Holly Anderson recites Walt Whitman’s “A Locomotive in Winter”, accompanied by Jonathan Kane’s February, a band whose influences seem to include Steve Reich, Hüsker Dü, and Mississippi John Hurt, at last night’s Whitman festival on Pier 1, Brooklyn Bridge Park, sponsored by the Brooklyn Heights Association in collaboration with ISSUE Project Room.
This very 21st century celebration of Brooklyn’s great 19th century poet drew a large crowd to Pier 1’s harbor lawn to hear readers and musical groups, some of the latter inspiring, like February, others less so. After February, CSC Funk Band took the stage and performed one long, rousing number. They were about to start another (it was now around 10:00) when ISSUE’s Zach Layton took the mike and, apologizing to the band and audience, said “We have an agreement with the Park.” With that, the band members started packing up their instruments and some people got up to leave. After a minute or so, Layton came back to the mike and announced that there would be a final, unamplified acoustic set featuring novelist Rick Moody and Hannah Marcus, his singing partner from the Wingdale Community Singers.
Moody and Marcus sat at the edge of the stage and sang Whitman’s “When I Heard the Learn’d Astronomer”, as they had adapted it for music, for a small group of people who gathered around them. The rest of the crowd continued gathering up their blankets and bags, and chattering. Thus the poor aucoustic quality of the above clip, which improves at the end as Marcus and Moody seem to find their voices and harmonize nicely. Here is the text of the poem:
WHEN I heard the learn’d astronomer,
When the proofs, the figures, were ranged in columns before me,
When I was shown the charts, the diagrams, to add, divide, and measure them,
When I sitting heard the learned astronomer where he lectured with much applause in the lecture room,
How soon unaccountable I became tired and sick,
Till rising and gliding out I wander’d off by myself,
In the mystical moist night-air, and from time to time,
Look’d up in perfect silence at the stars.
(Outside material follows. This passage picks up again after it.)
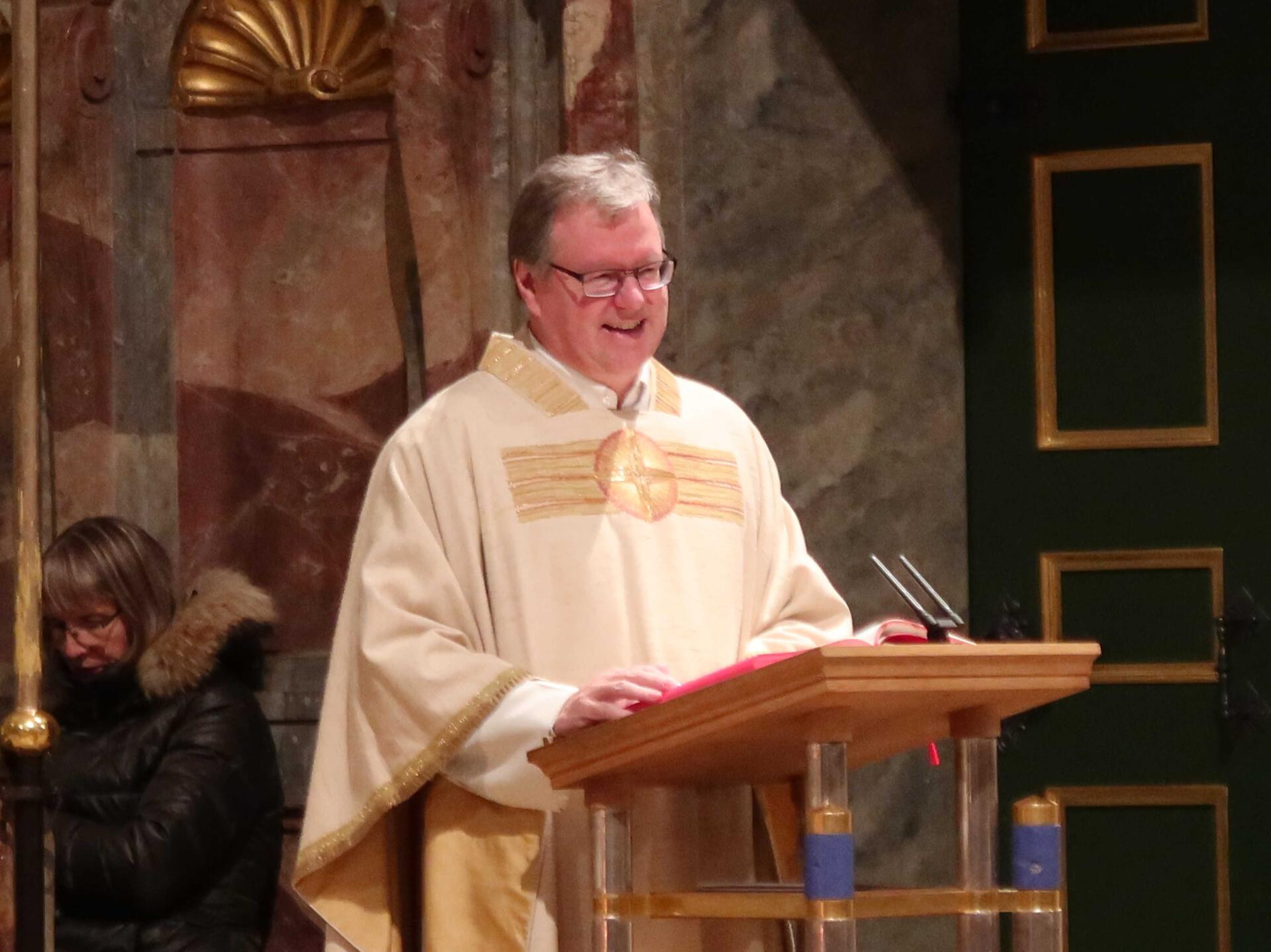 (Christine Jann) Am Sonntag nach dem Dreikönigfest wurde die „Taufe des Herrn“ gefeiert. In der Abendmesse in der Hofkirche begrüßte Stadtpfarrer Herbert Kohler den Chor Leuchtfeuer. Sie ständen auf der Empore in einer Reihe wie die himmlischen Engelschöre, freute er sich mit dem Blick nach oben auf die musikalische Gestaltung – genauso wie die zahlreichen Kirchenbesucher in der Hofkirche.

As I was walking home, I checked my BlackBerry, and found an e-mail from a friend who lives on Columbia Heights between Cranberry and Middagh, urging me to put something on BHB about the horrendous sonic assault he had endured that evening from amplified music coming from the park. It was so loud, he said, that he couldn’t hear his TV despite having his windows closed. He feared this might be a precedent for similar occurrences in the future. Today I received another e-mail, from a different North Heights resident, making a similar complaint and expressing the same fears.